== TASK DATA ==

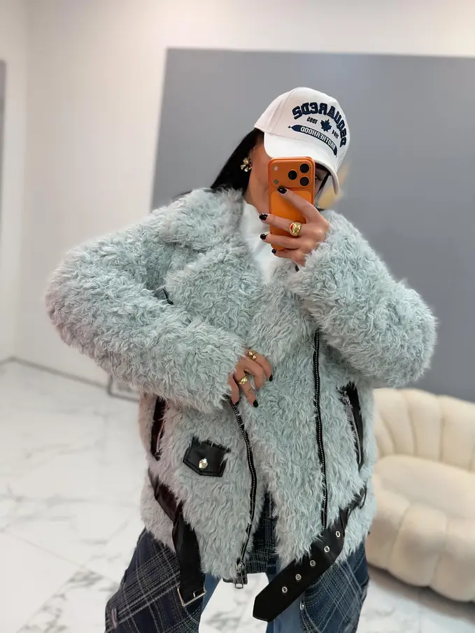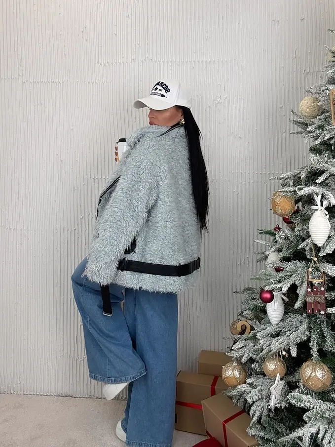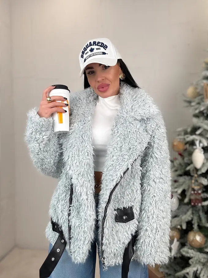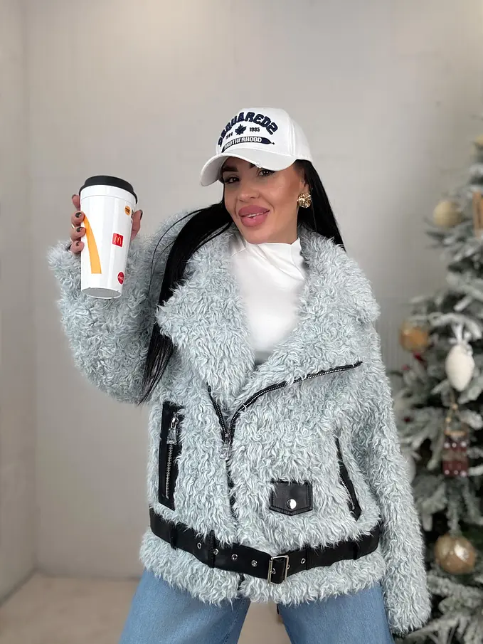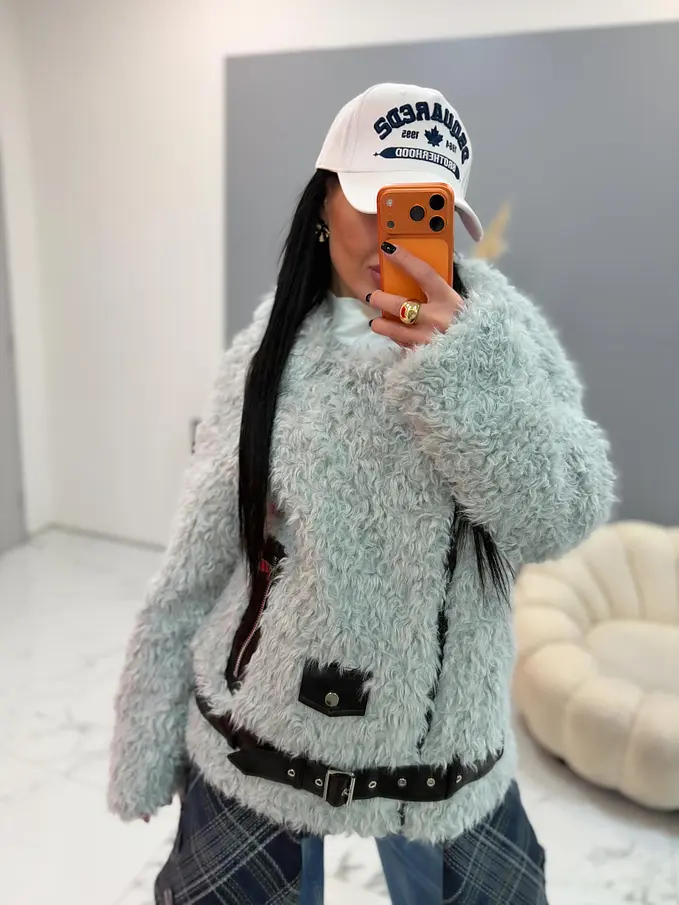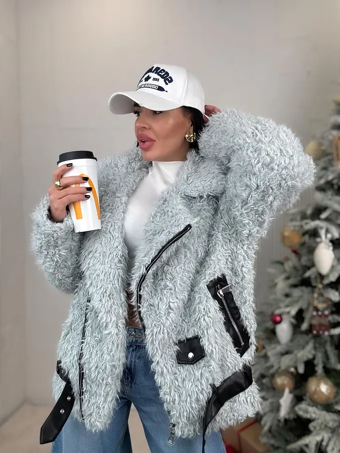 Műszőrmés bunda műbőr díszítéssel POLETT
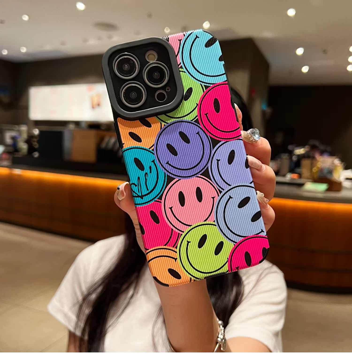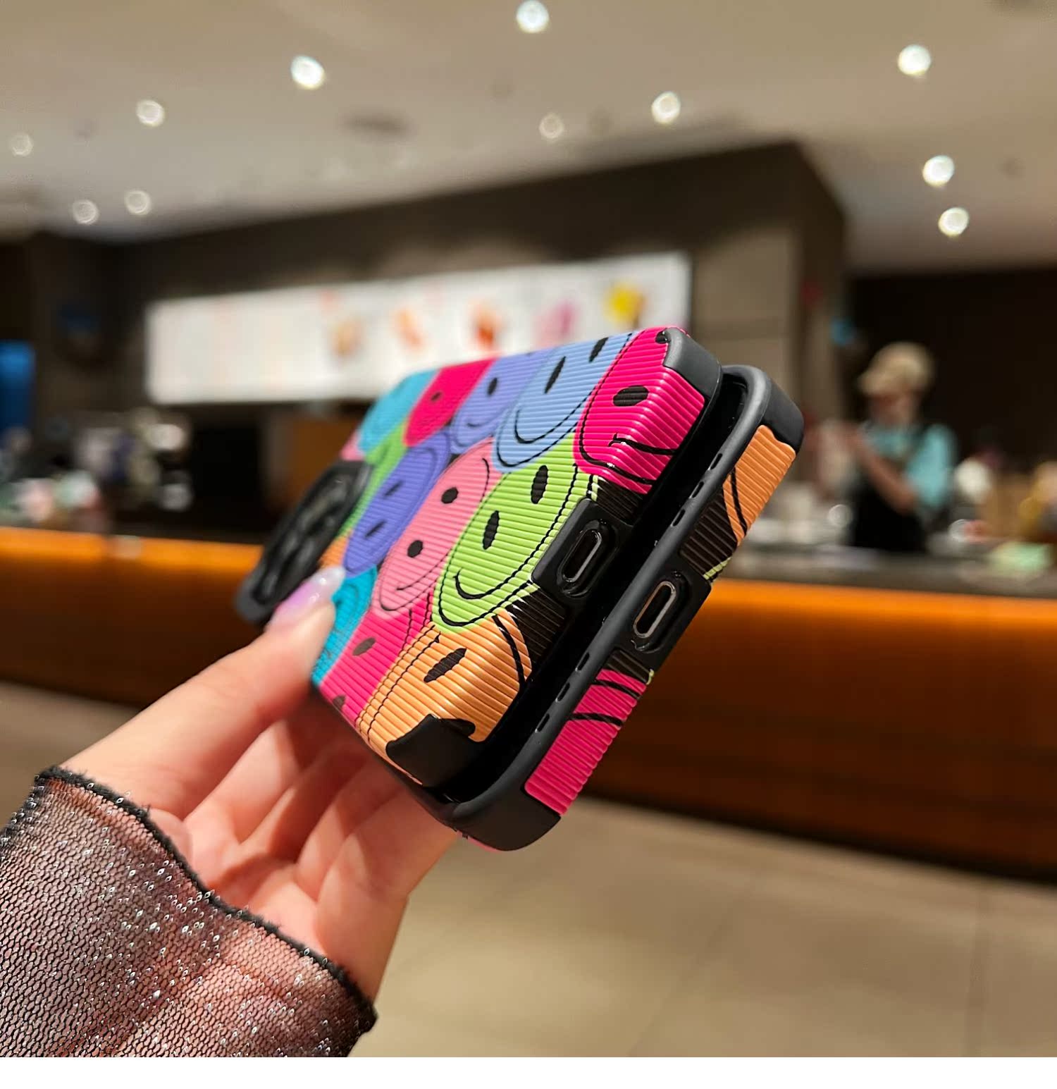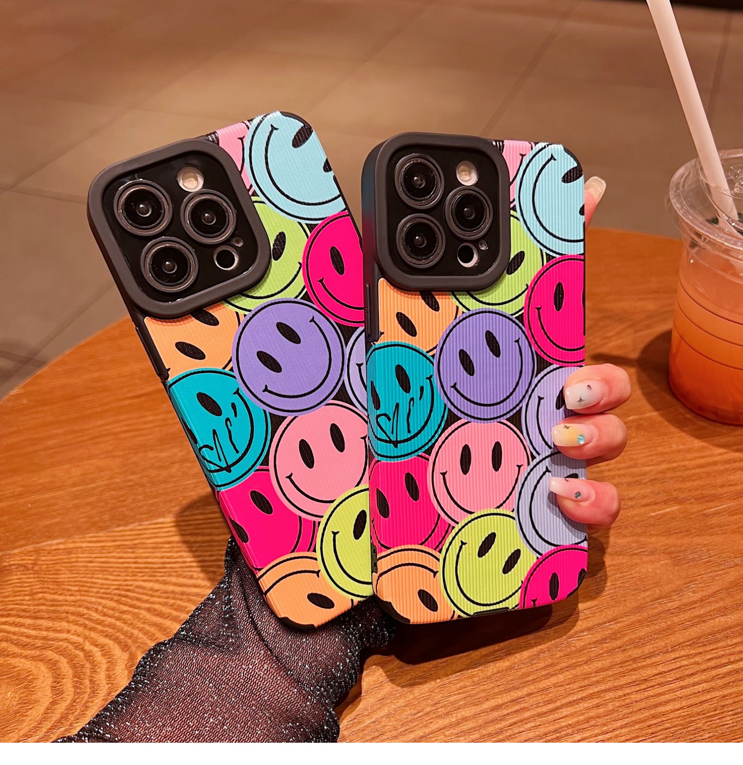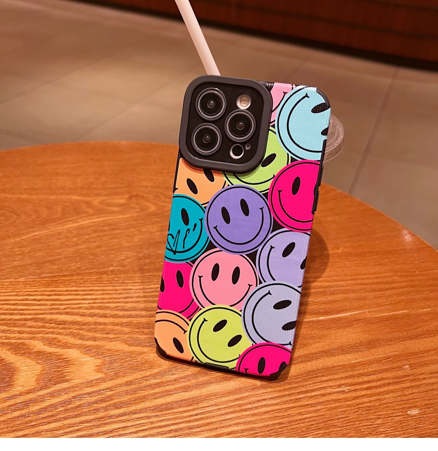 酷圖適用蘋果14promax手機殼新款彩色笑臉iphone14清新ins保護套plus高級感男女簡約13全包防摔11硅膠12皮質
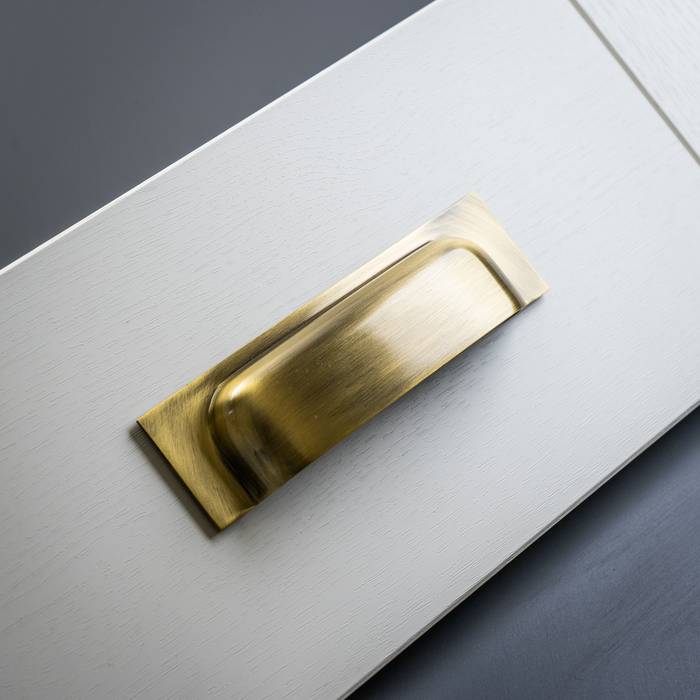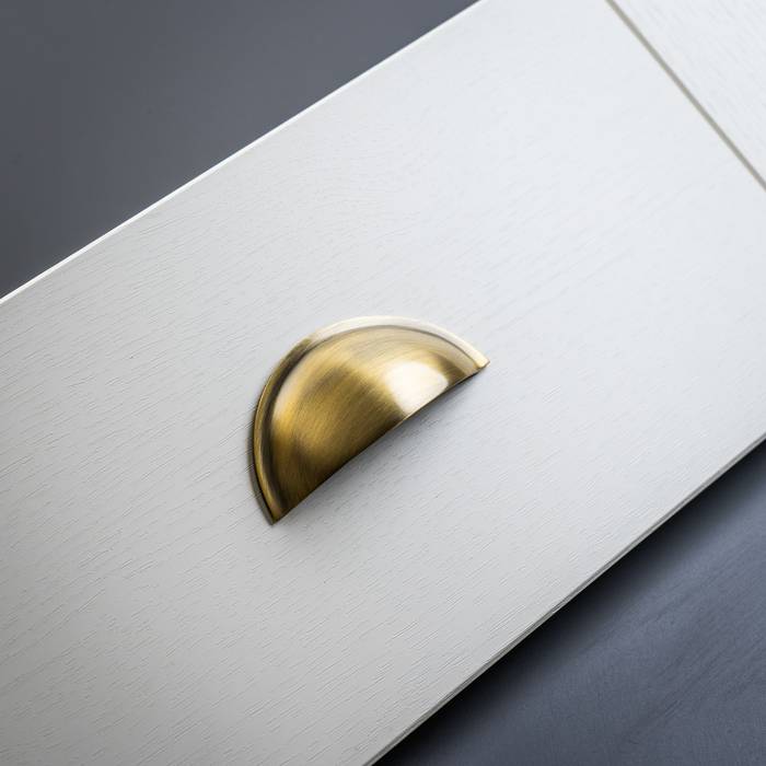 Brass Cup Pulls for your kitchen cupboards and drawers. These classic cup pulls in antique & polished brass are available in range of front and rear fixing designs.
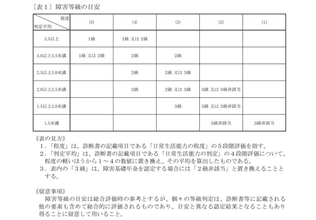 障害等級のガイドライン
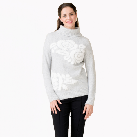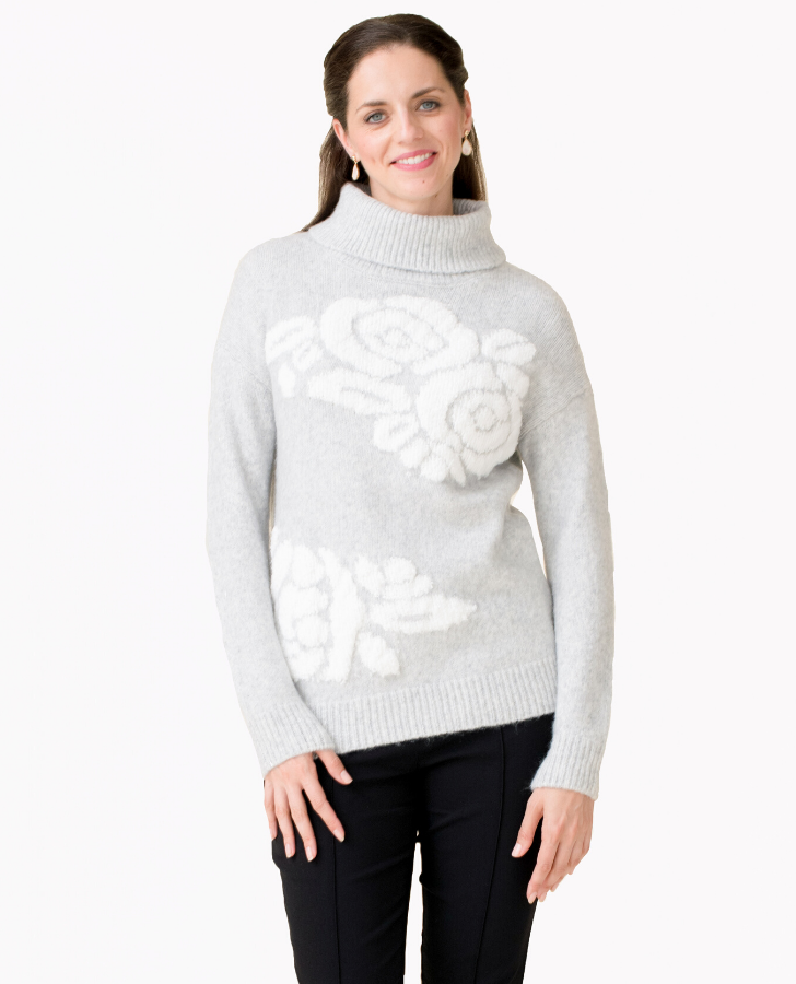 Heather grey cowl neck sweater with floral detail.
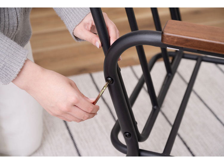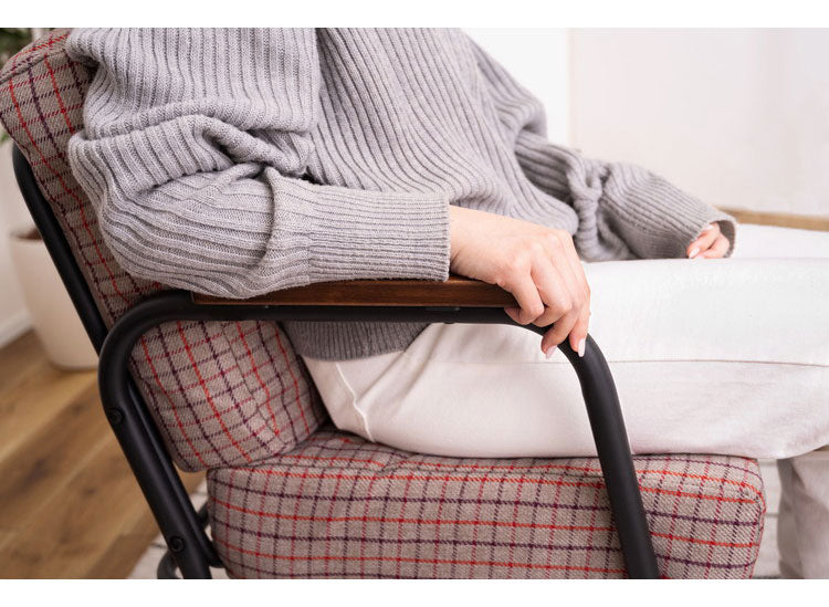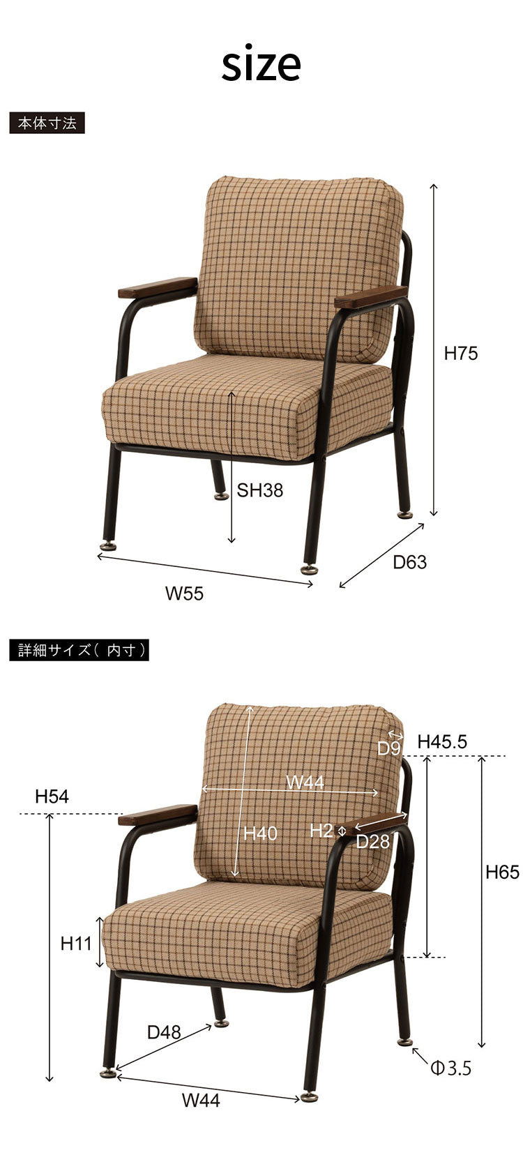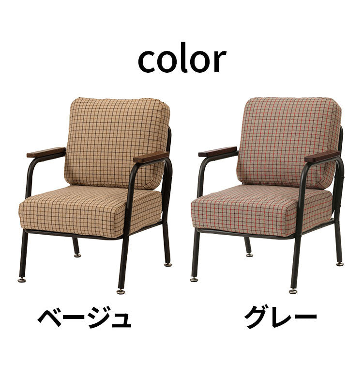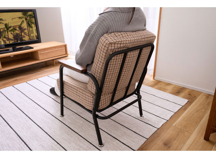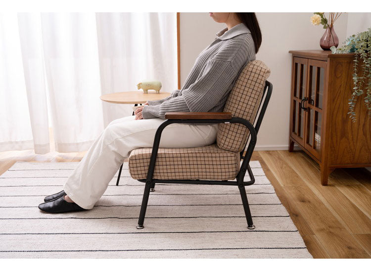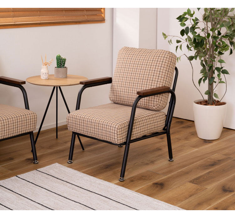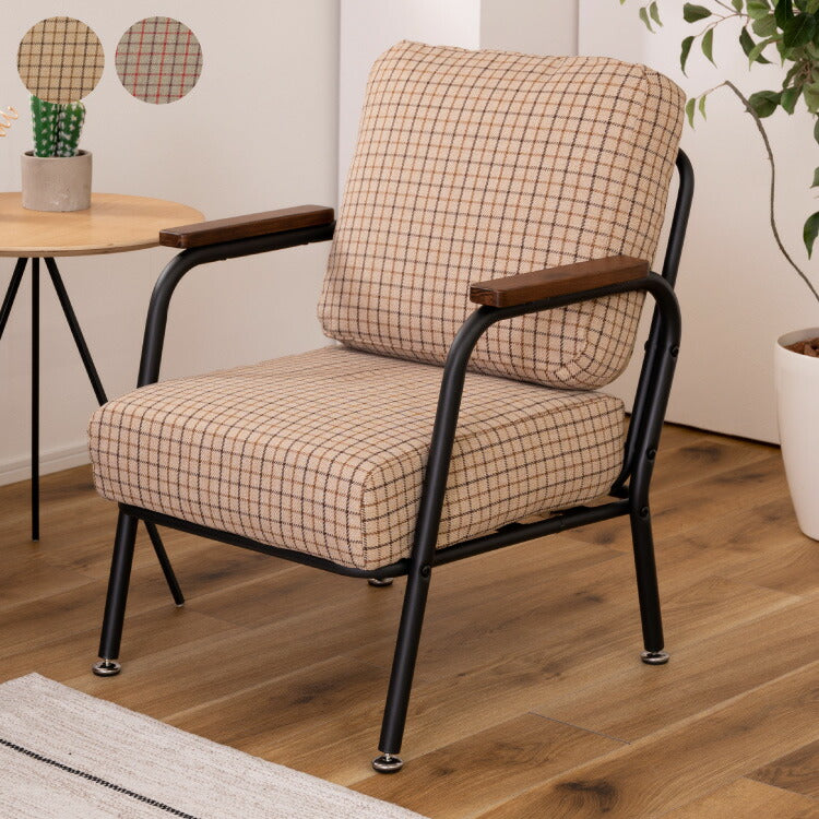 ソファ 1人掛け チェック柄 1人用 スチール パイプチェア おしゃれ 黒 ブラック 木肘 アーム付き 肘付き 肘掛け付き コンパクト レトロ 北欧 新生活(代引不可)

===

:: ACTION ITEM ::
Your copy should match the entries exactly, minus the pictures.

:: RESPONSE TO THE EXERCISE ::
 Műszőrmés bunda műbőr díszítéssel POLETT
 酷圖適用蘋果14promax手機殼新款彩色笑臉iphone14清新ins保護套plus高級感男女簡約13全包防摔11硅膠12皮質
 Brass Cup Pulls for your kitchen cupboards and drawers. These classic cup pulls in antique & polished brass are available in range of front and rear fixing designs.
 障害等級のガイドライン
 Heather grey cowl neck sweater with floral detail.
 ソファ 1人掛け チェック柄 1人用 スチール パイプチェア おしゃれ 黒 ブラック 木肘 アーム付き 肘付き 肘掛け付き コンパクト レトロ 北欧 新生活(代引不可)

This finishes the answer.